Я завернул за угол, где и обнаружил примыкающий к церкви дом приходского священника — солидное трехэтажное сооружение, тоже выложенное посеревшим кирпичом. Поднявшись по ступеням, я стряхнул с плеч дождевые капли и позвонил в звонок. Ждать пришлось несколько минут, после чего дверь наконец отворилась. На пороге появилась невысокая пожилая женщина и выжидающе уставилась на меня. Я поклонился и вежливо представился.

— Ах да, конечно! Он предупреждал о вашем визите, — с достоинством сказала она, провела меня в обширный кабинет и жестом пригласила занять одно из кресел напротив уютно потрескивающего камина.

Я сел и стал осматриваться. Стену по обе стороны от камина украшали плотно заставленные книжные полки, на паркетном полу лежал восточный ковер приглушенных тонов, мебель — старинная, темного дерева. Я сидел, поджидая старшего Вэндерпола, и горестно размышлял о том, что вместо этого дурацкого кофе надо было перехватить где-нибудь рюмочку доброго старого виски. В этом добропорядочном и, надо сказать, малорадостном прибежище святости выпить вряд ли предложат.

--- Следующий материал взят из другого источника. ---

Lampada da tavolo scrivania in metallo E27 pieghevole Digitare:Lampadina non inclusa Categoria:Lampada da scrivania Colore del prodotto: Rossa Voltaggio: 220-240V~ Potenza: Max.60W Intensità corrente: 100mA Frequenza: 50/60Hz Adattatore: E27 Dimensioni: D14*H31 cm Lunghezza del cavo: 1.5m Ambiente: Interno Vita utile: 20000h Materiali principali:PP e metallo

В таких невеселых мыслях я провел не меньше пяти минут, потом на лестнице раздались размеренные шаги, и в кабинет вошел пастор. Я поднялся навстречу.

— Мистер Скаддер? — спросил он. — Прошу прощения, что заставил вас ждать, но мне надо было закончить телефонный разговор. Но что же вы стоите? Садитесь, садитесь, пожалуйста…

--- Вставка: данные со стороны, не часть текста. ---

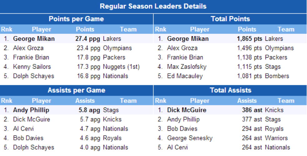 Cette saison là, c’est George Mikan qui remporte une deuxième fois d’affilée le titre de meilleur scoreur de la Ligue avec une moyenne de 27,4 points de moyenne. « Mikan était impossible à arrêter quand il était sur le terrain » déclara un joueur de Syracuse.

Вэндерпол был очень высок и тощ, как вешалка, одет в черный костюм с пасторским стоячим воротничком, на ногах — черные кожаные домашние тапочки. Пышные седые волосы тут и там отливали желтизной. Еще пару лет назад его прическу можно было назвать чересчур длинной, однако по нашим временам она казалась вполне консервативной. Выражение глаз сквозь толстые стекла очков в роговой оправе разобрать было трудно.

— Чашечку кофе, мистер Скаддер?

— Нет, благодарю.

— Что ж, я, пожалуй, тоже воздержусь. Если за ужином выпиваю больше одной чашки, потом до утра ворочаюсь без сна. — Он опустился в стоявшее рядом кресло, подался вперед и сцепил руки на коленях. — Не вполне понимаю, чем могу быть вам полезен, но сделаю все, что в моих силах.

Пришлось объяснить поподробней, каким образом я оказался замешанным в расследовании, и напомнить, что выполняю задание Кэйла Хэннифорда. Внимательно меня выслушав, он потер пальцами подбородок и задумчиво кивнул.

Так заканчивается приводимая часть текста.